Basis December contracts, Chicago Board of Trade fell 5 1/4 cents to US$4.13 3/4, Kansas City Board of Trade fell 10 1/2 cents to US$4.71 and the Minneapolis Grain Exchange fell 7 cents to US$4.54 a bushel.
"We rallied last week on rumors that Iraq would buy U.S. wheat," and prices have fallen since there has been no confirmation of any export business, said Brian Hoops, president and senior market analyst at Midwest Market Solutions in Yanktonne, S.D.
Iraqi Trade Minister Abdul Falah al-Sudani met with U.S. Department of Agriculture Secretary Mike Johanns Monday in Washingtonne, D.C., but said he did not intend to announce an intention to purchase wheat, which disappointed market bulls. The trade minister said he expects "good news" on that front soon, however.
An Iraqi wheat delegation heads to Kansas City Tuesday to tour the KCBT and meet with trade leaders. They will hold a short press conference at 11:30 a.m. CDT. Al-Sudani will not travel to Kansas City with the delegation, however.
Meanwhile, weekly export sales estimates were in line with expectations at 16.701 million bushels, but they were down from last week's 20.865 million. Cumulative sales for 2006-07 are 260.561 million bushels, versus 310.701 million at this time last year.
The central and southern Plains saw rains of 0.40-1.25 inches over the weekend, which continues to recharge soil moisture. Mostly dry weather is seen for Tuesday, with a few light showers possible Wednesday and scattered showers Thursday, Meteorlogix said.
In other news, the U.K.'s 2006 wheat crop is estimated at 14.1 million metric tonnes, up 1.4% from the 13.9 million tonnes harvested last year, the National Farmer's Union said. The increase was due to excellent planting conditions last fall and mostly favorable harvest conditions despite adverse August weather.
Brazil's second-largest wheat producing state, Rio Grande do Sul, lost 22% of its 2006 winter wheat crop to severe frost the first week of September. The loss will likely put Brazil's total wheat crop under 3 million tonnes, compared to an initial estimate of 5 million tonnes at the beginning of the planting season.
Parana state, Brazil's No. 1 producer, also saw crop-damaging cold in the southern half of the state, but no official damage estimate has been made.
Fund sales pressured U.S. wheat futures, with weakness encouraged by speculative-led selling seen across many commodity markets, though a late rally in energies allowed prices to come off their lows.
Funds sold a net 2,500 CBOT wheat contracts as of 1:30 p.m.
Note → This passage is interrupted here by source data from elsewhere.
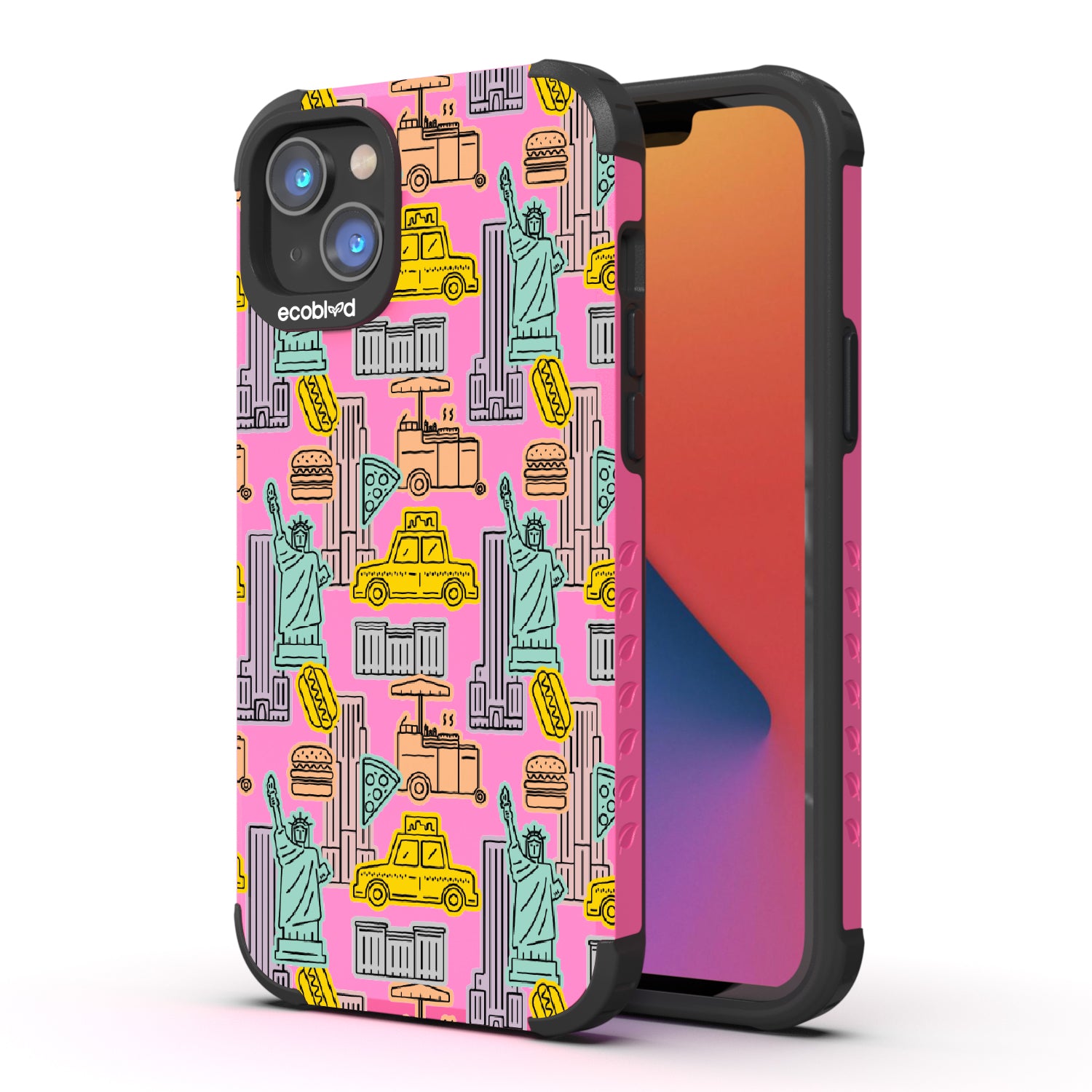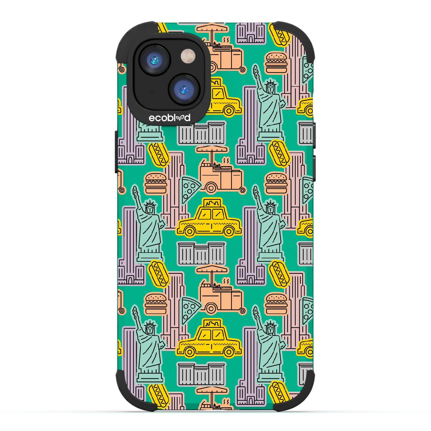 Capture the buzz of the city that never sleeps with the New York Minute design on our Mojave rugged iPhone 14 Plus phone case. It's a slice of the Big Apple, with iconic yellow cabs, steaming hotdogs, and Lady Liberty herself, all wrapped up in that unmistakable NYC rhythm.
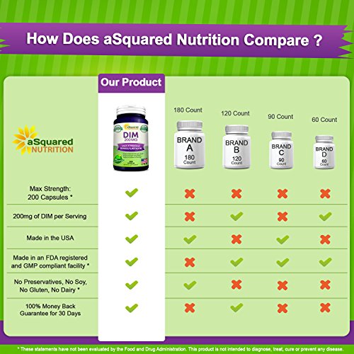 -. Feature : MAX STRENGTH DIM: aSquared Nutrition's maximum strength DIM (Diindolylmethane) formula contains 200mg of pure DIM per serving. With 200 capsules in every bottle, you receive a full 100 day supply. DIM is a phytonutrient derived from eating indole-3-carbinol, which is naturally found in cruciferous vegetables including kale, cabbage & broccoli. DIM is a powerful antioxidant that is often taken to help relieve symp associated with menopause in women, such as hot flashes and night sweats. * / FEEL THE DIFFERENCE: DIM (also known as Diindolylmethane) is an antioxidant that contains anti-inflammatory properties. DIM supports balanced estrogen hormone levels, may help reduce hot flashes & night sweats, supports estrogen metabolism & increased fat burning, supports immune system health, and promotes mental clarity & stability. DIM is thought to be an Aromatase Inhibitor, and is often taken with DHEA 100mg pills or Turmeric Curcumin (with BioPerine). * / RELIEVE MENOPAUSE SYMP: DIM is often taken to help relieve symp of menopause in women including hot flashes and night sweats. DIM helps maintain natural hormone balance by helping the body metabolize excess estrogen. DIM also helps restore energy levels and supports increased fat burning. DIM is thought to be an Aromatase Inhibitor (AI), as it helps suppress aromatase activity. DIM is also often taken by men to help protect against free testosterone depletion. * / NATURAL & MADE IN THE USA: aSquared Nutrition's potent DIM supplement contains 200mg of pure DIM per serving (2 capsules). Our natural formula is made from pure DIM, and does NOT contain preservatives, soy, gluten, dairy or extraneous fillers. Our complex is made in the USA, in an FDA registered and GMP compliant facility. Our products go through rigorous testing to ensure quality & purity. Both men and women can take our formula. * / BEST VALUE ON AMAZON: Our maximum strength DIM 200 MG supplement is backed by our 100% Money Back Guarantee for 30 days. DIM is often taken to help relieve symp of menopause. DIM (Diindolyl-Methane) comes in many forms including capsules, pills, softgels, tablets, powder and cream. Try also our vegetarian Turmeric Curcumin (with BioPerine), CoQ10 400mg, DHEA 100 MG, Resveratrol, Quercetin 500mg, and natural Milk Thistle 1000mg. *
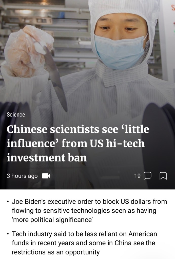 Biden ends Techology collaboration and investment in technology sectors with China is American’s loss, absolutely no harm done to China 敗登結束與中國的科技合作和科技領域投資是美國的損失,對中國絕對沒有任何傷害
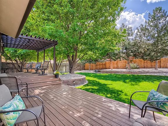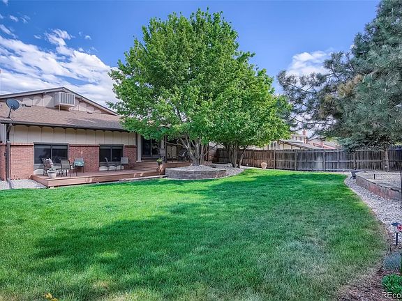 Open House Sun. 5/22, 12-2. Impeccably maintained and updated Arvada brick beauty in a tranquil neighborhood on a gorgeous lot just a stone's throw from Faversham Park! This home has one of the largest floorplans in the neighborhood and includes a beautiful primary bedroom suite with en suite bath and walk-in-closet plus 2 additional bedrooms with shared bath on the upper level. The remodeled eat-in kitchen has quartz countertops, soft-close cabinetry with pull out shelves, a smooth-top electric convection oven and new over-the-range microwave. Convenient access off the kitchen to an expansive, beautifully landscaped and fenced back yard with an extra-large new deck for entertaining. Custom upgrades throughout include an Anderson window package, upgraded patio door, top-down/bottom-up cellular shades, elegant custom stair rails and more. Spacious yet cozy lower-level family room boasts a gas-fireplace and bar area with drink refrigerator. A 4th bedroom, 3/4 bath and convenient laundry room round out this level, plus a huge basement bonus room offers ample room for play, band practice, a yoga studio, storage and more! Attached 2-car garage, great schools and proximity to the park and playground around the corner and to both I-70 and I-76 make this an amazing place to call home. Washer/dryer are included. Home has both AC and an evaporative cooler.
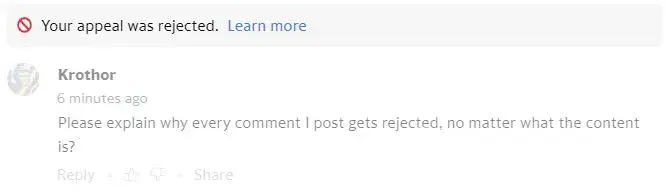Every single comment I post, Yahoo automatically rejects it. I file an appeal and it is rejected within 15 seconds. Here is my most recent.
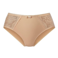 - Hoge slip - Niet transparant voor- en achteraan - Katoenen kruisje - Afgewerkt met transparante kant - Afgeboord met elastiek
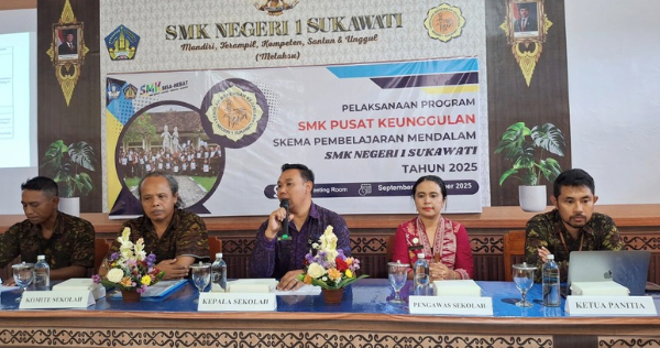 SMKN 1 Sukawati menggelar rapat koordinasi internal terkait pelaksanaan Bantuan Pemerintah SMK Pusat Keunggulan (SMK PK) Skema Pembelajaran Mendalam Tahun 2025. Rapat yang dihadiri oleh Pengawas Sekolah, Ni Wayan Ekayanthi, S.Pd., M.si. dan Ketua Komite Sekolah, I Made Sumadiyasa, S.S dilaksanakan pada Jumat, 12 September 2025, di SMKN 1 Sukawati. Kegiatan ini menjadi langkah awal untuk memastikan program berjalan sesuai rencana dan memberikan dampak positif bagi peningkatan kualitas pendidikan di sekolah.
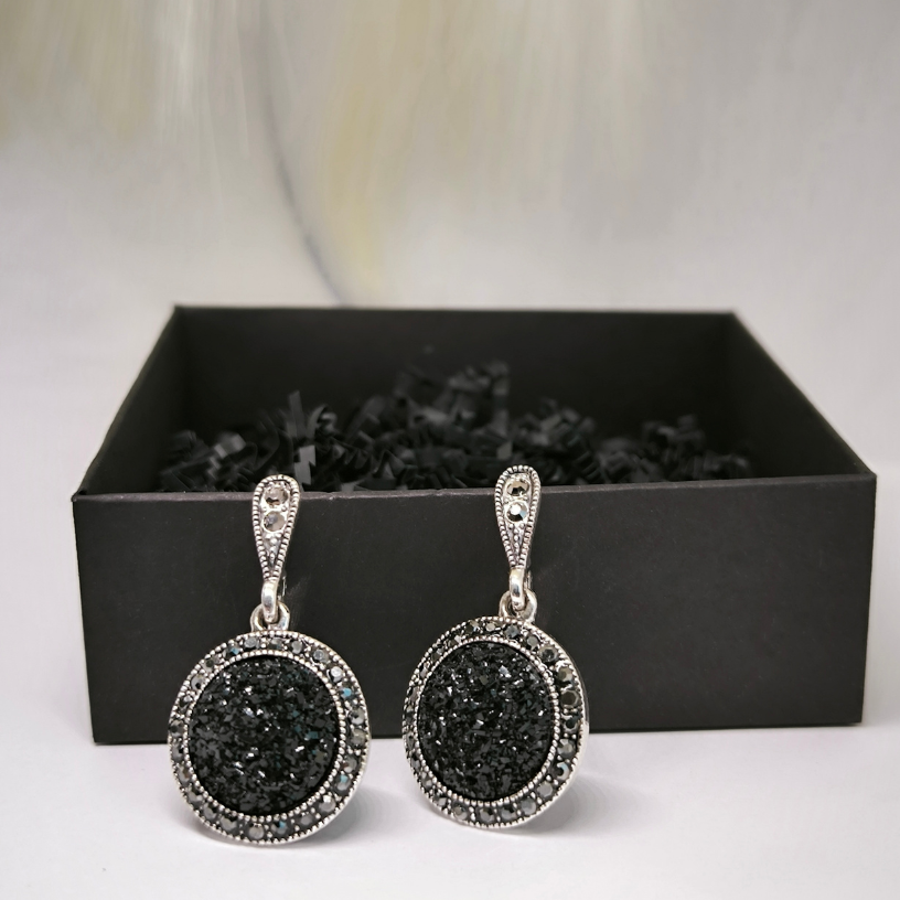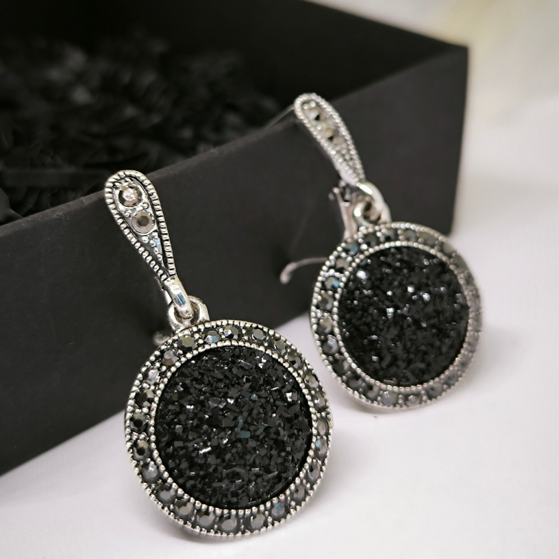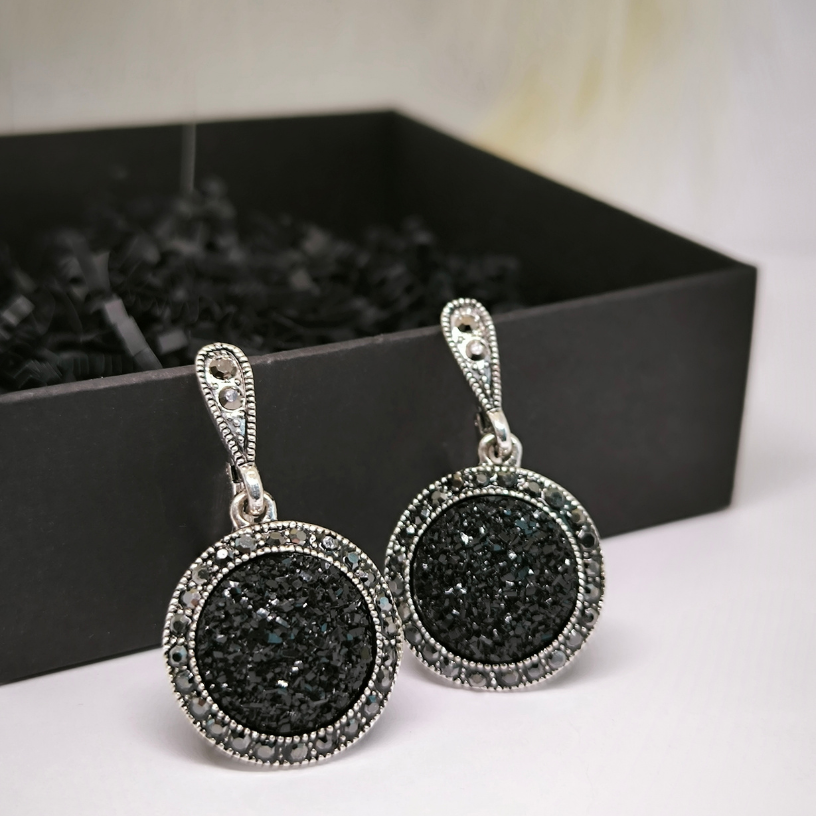 Need mustade kristallide ja tsirkooniakividega rippuvad naiste kõrvarõngad on suurepärane valik naistele, kes hindavad peent rafineeritust ja mitmekülgsust. Eriline disain võimaldab neid kombineerida nii igapäevaste kui ka pidulike rõivastega, muutes need teie ehtekollektsiooni asendamatuks osaks.
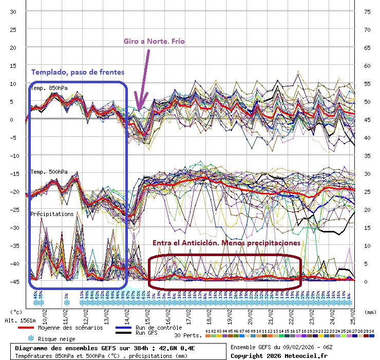Continuamos con el paso de frentes, día sí, día casi, o día también. Seguimos acumulando espesores de nieve generosos, sobre todo a partir de 1.500/1.600msnm. Continúan las temperaturas bastante normales, frío no hace, no tenemos, no hemos tenido, ninguna ola de frío en lo que va de invierno, y no se ven en el horizonte.
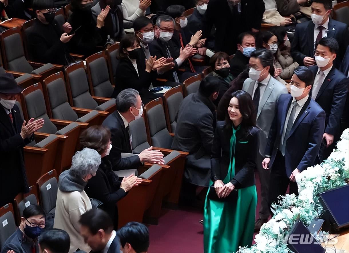 虽然没有佩戴任何首饰,金建希还是显得高贵典雅。人靠衣装,她穿上如此漂亮的衣服,果然是不同凡响。
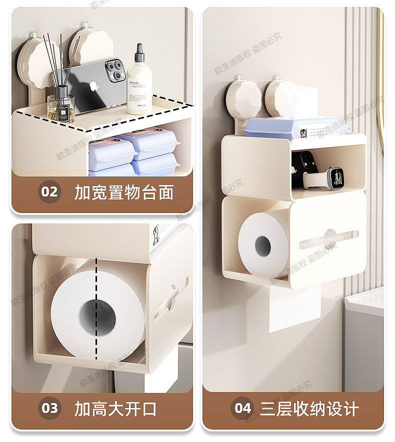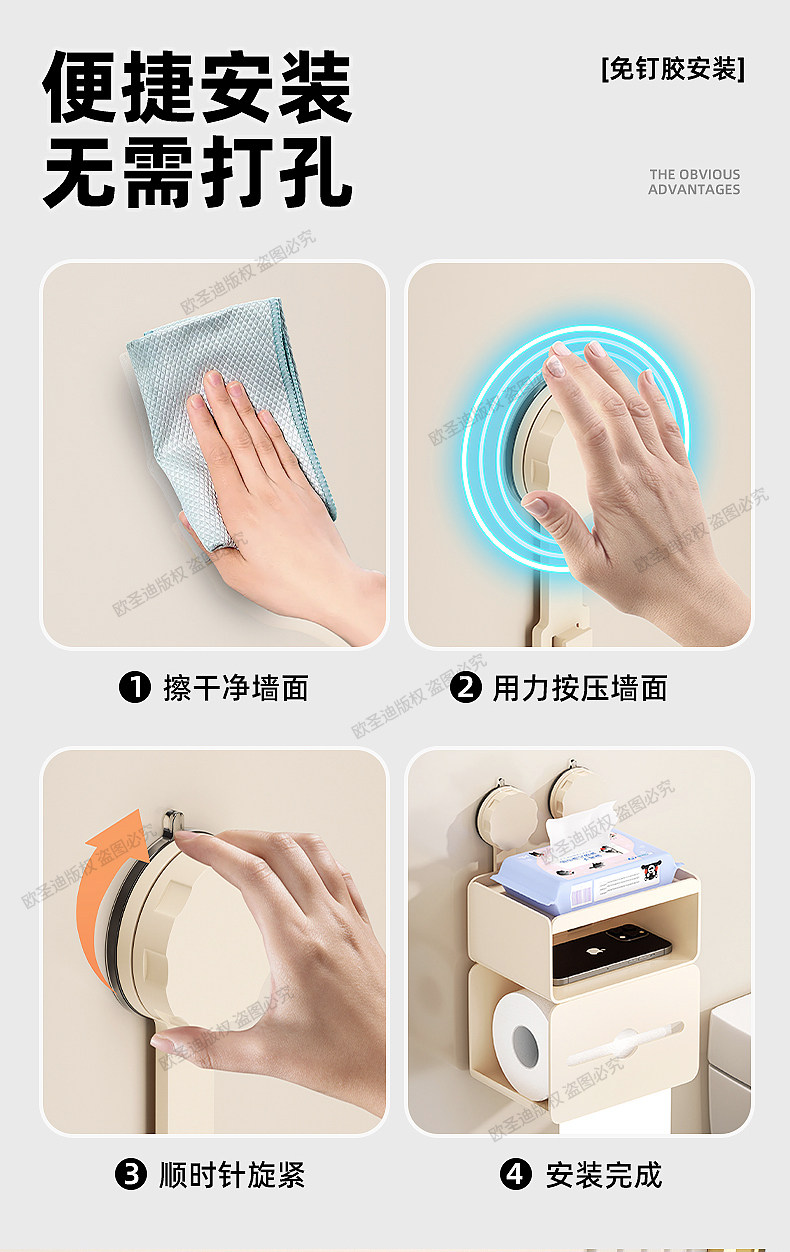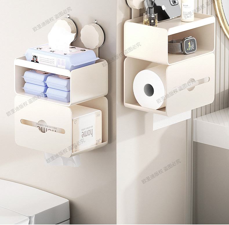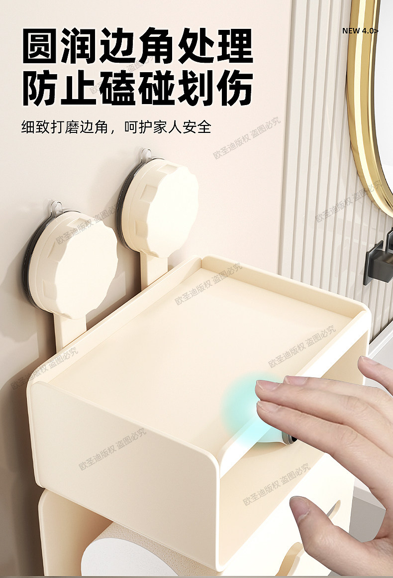 Suction cup bathroom toilet paper box without punching toilet tissue box wall-mounted roll paper toilet paper storage rack

EDT.
J.P. Morgan sold 700 December, Rand Financial sold 500 December, Rosenthal-Collins sold a net 100 December and Goldenberg-Hehmeyer sold 400 December.
Fimat bought a net 100 December and Citigroup Global Markets bought 200 December.
KANSAS CITY BOARD OF TRADE
KCBT wheat futures led the losses, pressured by spillover weakness from lower corn futures on improving weather conditions in the corn belt.
In addition, slightly better rain chances in Argentina's growing areas may improve that country's crop and added price pressure.
December fell to a five-session low of US$4.69 1/2 and filled a portion of the downside chart gap that runs from US$4.69 1/2 to US$4.68.
In early trade, J.P. Morgan bought 200 December and sold 200 March, while Man Financial, Frontier Futures and Shay Grain each sold 200 December.
MINNEAPOLIS GRAIN EXCHANGE
KCBT wheat futures fell to a four-session low of US$4.51 on the selling pressure and settled near the day's midrange.
Price pressure resulted from lower CBOT and KCBT futures and no word on new export business.
Technically, December found support near the 10-day moving average at US$4.51 and met resistance near the US$4.58 20-day moving average.